▶ **Instructions to follow**
Below are the entries. Print only the lines starting at the one with "Слегка удлиненная блузка" and ending at the one with "OPENAI_API_KEY:One API 中的令牌;OPENAI_BASE_URL:One", exactly, with no pictures.

▶ **Dataset**
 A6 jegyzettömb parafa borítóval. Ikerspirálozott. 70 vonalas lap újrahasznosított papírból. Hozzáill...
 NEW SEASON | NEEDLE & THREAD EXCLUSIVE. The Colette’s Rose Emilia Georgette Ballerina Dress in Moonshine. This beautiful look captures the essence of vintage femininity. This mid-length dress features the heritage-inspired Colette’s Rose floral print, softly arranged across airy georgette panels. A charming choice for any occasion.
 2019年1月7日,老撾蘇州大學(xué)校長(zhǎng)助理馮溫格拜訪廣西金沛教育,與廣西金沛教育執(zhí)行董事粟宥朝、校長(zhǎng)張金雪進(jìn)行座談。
* * *
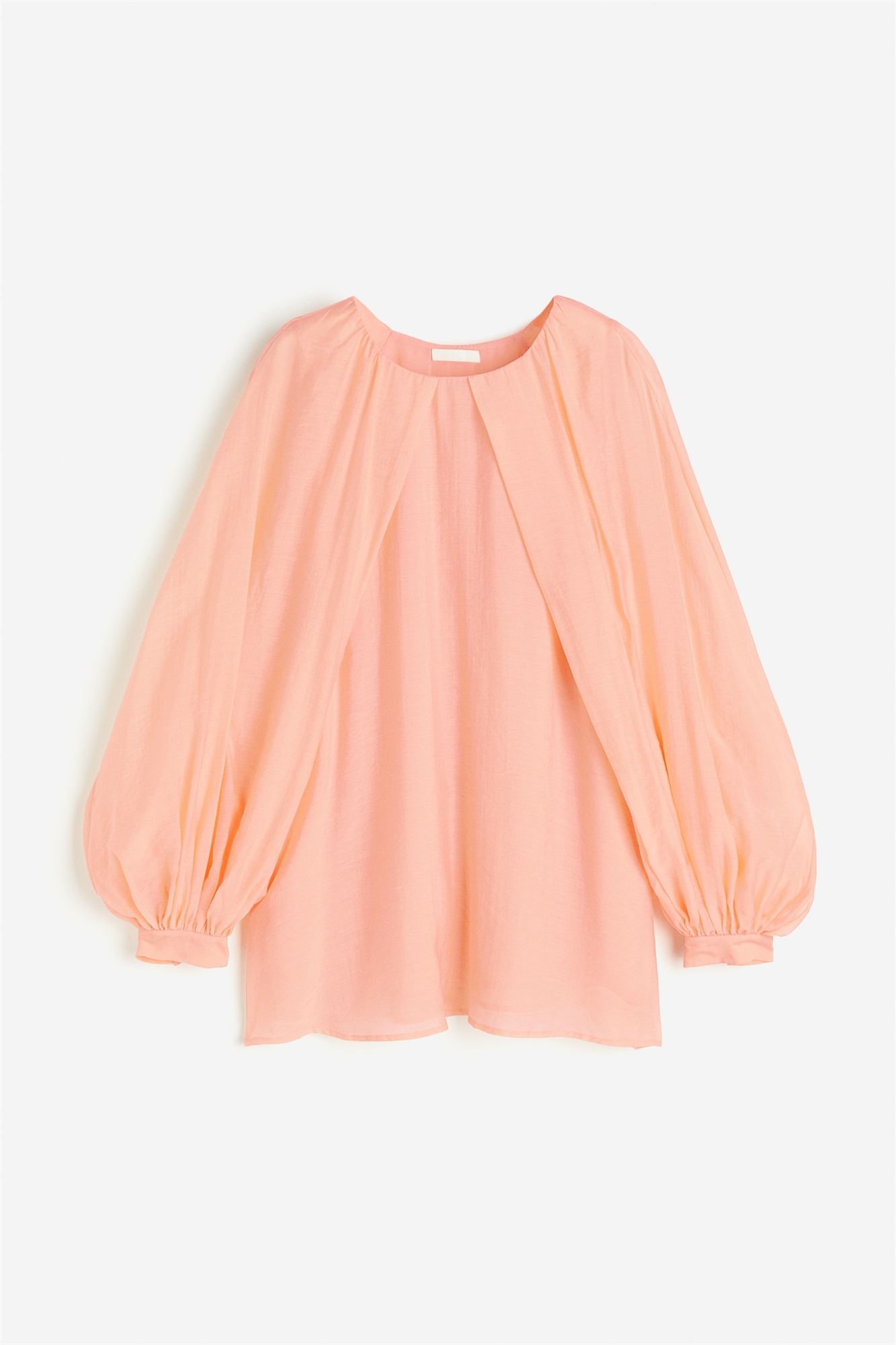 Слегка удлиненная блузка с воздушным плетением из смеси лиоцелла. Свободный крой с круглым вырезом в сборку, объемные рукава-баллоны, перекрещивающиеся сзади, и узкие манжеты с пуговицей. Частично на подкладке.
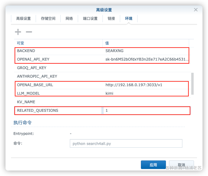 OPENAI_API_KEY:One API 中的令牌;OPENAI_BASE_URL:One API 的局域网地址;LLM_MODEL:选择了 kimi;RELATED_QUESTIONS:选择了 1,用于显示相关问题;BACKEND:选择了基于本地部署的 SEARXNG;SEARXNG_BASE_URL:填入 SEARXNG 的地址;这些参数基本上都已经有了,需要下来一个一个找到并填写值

▶ **Written solution**
 Слегка удлиненная блузка с воздушным плетением из смеси лиоцелла. Свободный крой с круглым вырезом в сборку, объемные рукава-баллоны, перекрещивающиеся сзади, и узкие манжеты с пуговицей. Частично на подкладке.
 OPENAI_API_KEY:One API 中的令牌;OPENAI_BASE_URL:One API 的局域网地址;LLM_MODEL:选择了 kimi;RELATED_QUESTIONS:选择了 1,用于显示相关问题;BACKEND:选择了基于本地部署的 SEARXNG;SEARXNG_BASE_URL:填入 SEARXNG 的地址;这些参数基本上都已经有了,需要下来一个一个找到并填写值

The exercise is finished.